Baseline (already published):

Model	Engine	gen tok/s	p50 ms	Overall pass
Qwen 3.5 4B	stock llama.cpp	9.79	13,739	91.4 %
gemma-4-E4B-it	stock llama.cpp	8.59	6,240	94.3 %
Phi-4-mini	stock llama.cpp	10.62	7,517	0.0 %†

†broken jinja tool-calling — see Phi anomaly in the main article. Workaround variant: 74.3 %.

Engines tested

Five candidates from the bake-off spec. Two have results, three are next:

Engine B — llama.cpp + speculative decoding

Same Qwen3.5-4B-Q4_K_M target, plus a Qwen3.5-0.8B-Q4_K_M draft model loaded via --spec-draft-model (modern flag is -md). --spec-draft-n-max 8 --spec-draft-n-min 2.

Result on Qwen:

Metric	std	specdec	Δ
p50 latency	13.7 s	20.4 s	1.48× slower
Overall pass	91.4 %	88.6 %	−2.9 pp
Simple / multi-func / parallel	95 / 90 / 80 %	90 / 90 / 80 %	small regression on simple

Counterintuitive verdict — slower, not faster. Published 2.5-3× CPU speedups for speculative decoding are on 7B+ targets where draft-model inference is genuinely tiny relative to target per-token cost. At the 4B-class scale on a 4-core cgroup, draft+verify orchestration eats more than the drafts save. Anti-pattern for small models on CPU.

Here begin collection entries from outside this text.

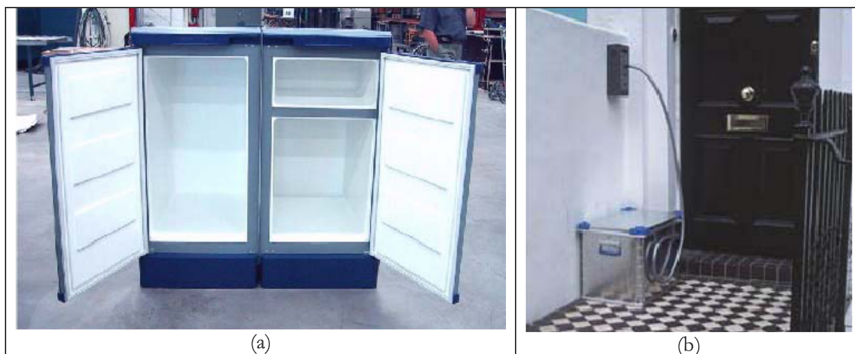
Figura 1: Caixa de recepção refrigerada (a) e com mecanismo de segurança (b)

serviço – serviço tradicional; (2ª) recepção não-assistida ( unattended ), usando um conceito de caixa de recepção, que pode ser refrigerada, instalada no muro ou na garagem da “casa” do cliente (vide Figura 1a). (3ª) recepção não atendida também usa o conceito de caixa de entrega, porém pode ser deixada na “calçada” do consumidor, retornando, depois, ao varejista. Podem ser equipadas com mecanismos de segurança, senhas etc. (vide Figura 1b). (4ª) recepção não-assistida que usa unidades compartilhadas de recepção ( shared reception box units ), também conhecida por CDP ( Collection and Deliveri Point ), existe em vários tamanhos e quantidades, muitas das quais também podem dispor de sistema de refrigeração em alguns de seus compartimentos. Os vários armários possuem chaveamento eletrônico com códigos variáveis, tornando sua disponibilidade possível com o uso, inclusive de celulares. Podem ser disponibilizados em supermercados, estações de trem e ônibus, escritórios, estacionamentos, ou onde o varejista julgar interessante ao cliente (a Figura 2 mostra exemplos desse tipo de serviço). Esse mecanismo pode ser referenciado como um sistema automatizado (outras empresas empregam esse mesmo conceito, porém com sistemas totalmente automatizados – ADMs, Figura 2d).
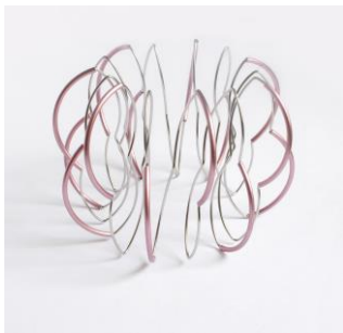
15 Friederike Maltz Armreif Federstahl Alu
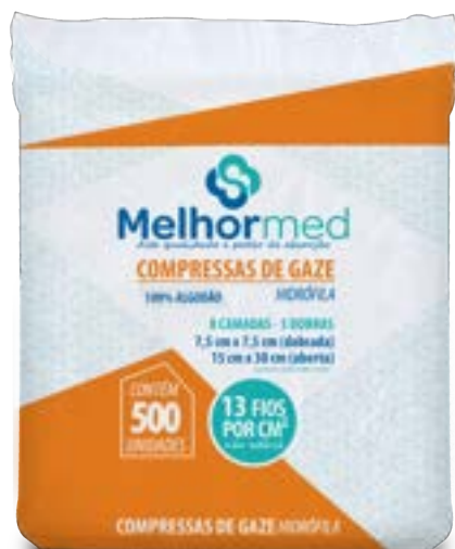
Compressa de Gaze Melhormed 7,5 cm x 7,5 cm c/ 500 unidades (Medida aberta 15 cm x 30 cm)
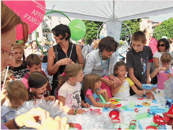
In precedenza la «città dei bambini» era a Pallanza; oggi è tra biblioteca e teatro Maggiore

Nel parco di Villa Maioni la ludoteca di Verbania gestisce uno spazio dedicato in particolare ai più piccoli della fascia 0-3 anni, l'Istituto comprensivo Antonini porta «Alla conquista di un seme», gli scout Pallanza mettono a prova l'equilibrio sul ponte tibetano, l'Istituto comprensivo di Intra con il Comitato genitori fa appello alla fantasia con «La fabbrica del riciclo» mentre il Monti Stella si occupa di intrattenere con giochi, il museo del Paesaggio aiuta i più piccoli a recepire i «Messaggi dalla natura» e il club ritmica Altair li invita a provare la ginnastica e i giochi di una volta; l'Oratorio don Bosco richiama «All'opera seguendo don Bosco» e la Casa del lago sensibilizza alla storia e alle tradizioni d'acqua dolce. Altre sono le attività previste nell'a-
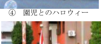
④ 園児とのハロウィン
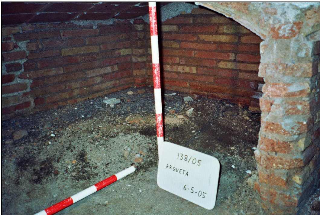
Figura 4. Dipòsit. Panoràmica de la zona W.

Engine D — `ik_llama.cpp` (ikawrakow fork)

Published claim: ~2× faster than mainline on AVX2 Xeon. Built from current master (40254a5) inside ubuntu:22.04 Docker: cmake -DGGML_NATIVE=ON -DGGML_AVX2=ON -DGGML_CUDA=OFF -DGGML_METAL=OFF -DLLAMA_CURL=ON. The build emits "Using optimized iqk matrix multiplications" + "Enabling IQK Flash Attention kernels" — both are AVX2-specific paths.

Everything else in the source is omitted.